The Internet Protocol Version - IPv6 - is being developed as a critical technology meant to address all those concerns. It is expected to not only provide better services for existing technologies and applications but also meet growing demands of new devices like cellular phones, and IP-based services, such as online gaming and Voice over Internet Protocol (VoIP).
#1) IPv6 provides a substantially larger IP address space than IPv4
Every computer or online device that needs to connect to the Internet requires a globally unique IP address. IPv4 uses 32 bits for an IP address that allows about 4 billion unique IP addresses. When IPv4 was introduced in the 1970s and accepted as the protocol for the Internet, they did not foresee this explosion in the popularity of the Internet or the extent to which online technologies would become all pervasive. It was therefore firmly believed that these 4 billion addresses would be sufficient to cover any future growth of the Internet.

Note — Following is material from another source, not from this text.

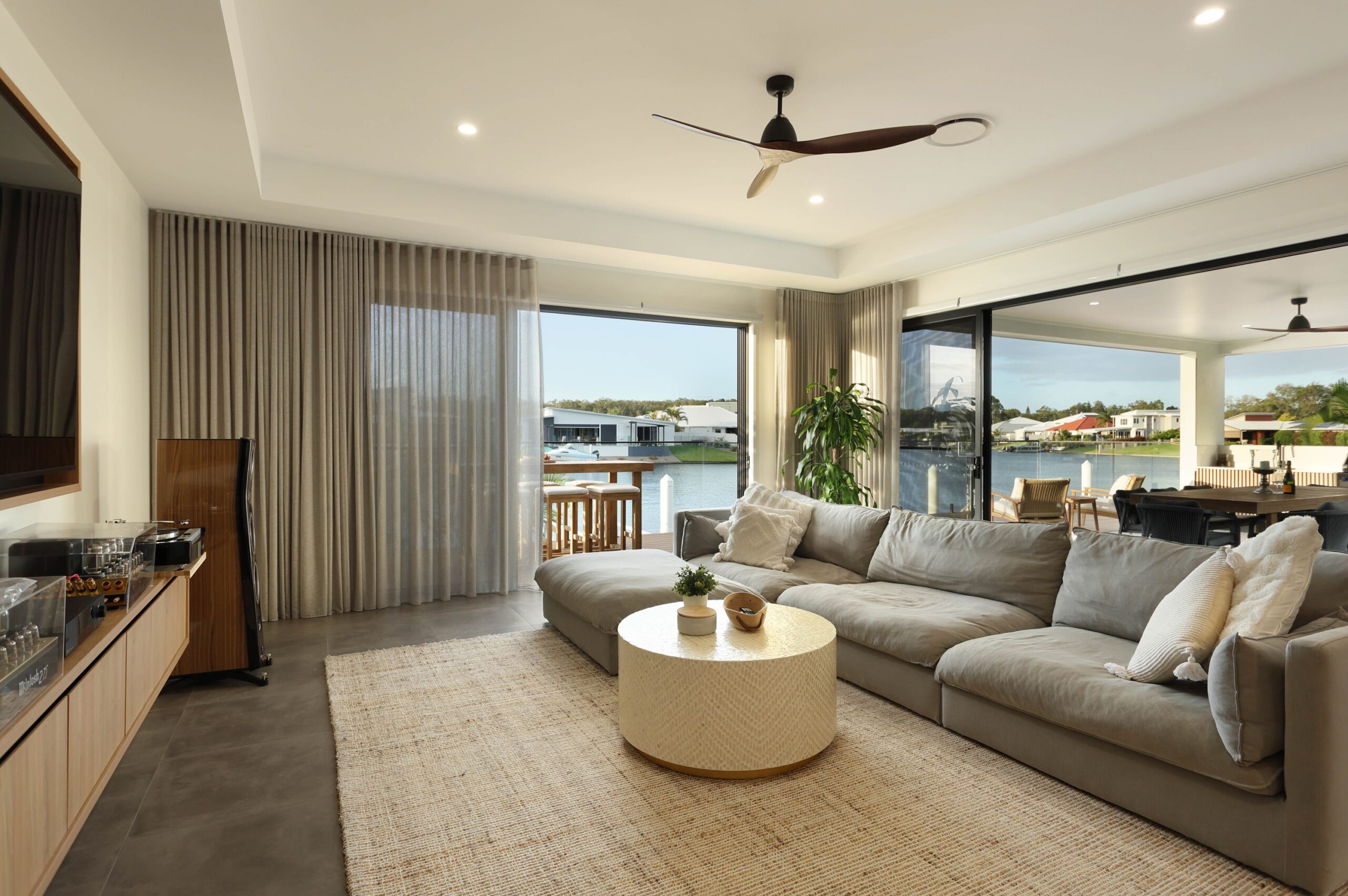 Inside, light-filled interiors reveal expansive open-plan living and dining areas designed to maximise natural light, privacy and connection to the water. The layout flows seamlessly between the main living zones, the private central courtyard and the waterfront entertaining terrace beyond, creating a home equally suited to relaxed family living and elevated entertaining.

To give an analogy, consider a mailman having to deliver a letter to the correct person in a community. As long as each one of the residents has a unique identifiable address, the mailman will have no trouble in identifying the address and delivering mail to the right individual.
Challenge to IPv4
Carrying our analogy forward a little more, let us now imagine our community to expand so much that it is not possible to give each individual a unique address. One solution could be that one group of individuals is given a unique address, from where the mailman is directed to the address of the specific individual. As a result, tracking a person and delivering information to the right individual becomes that much more complex. Further, what if a person wants a separate address for his home mail and another for his office mail?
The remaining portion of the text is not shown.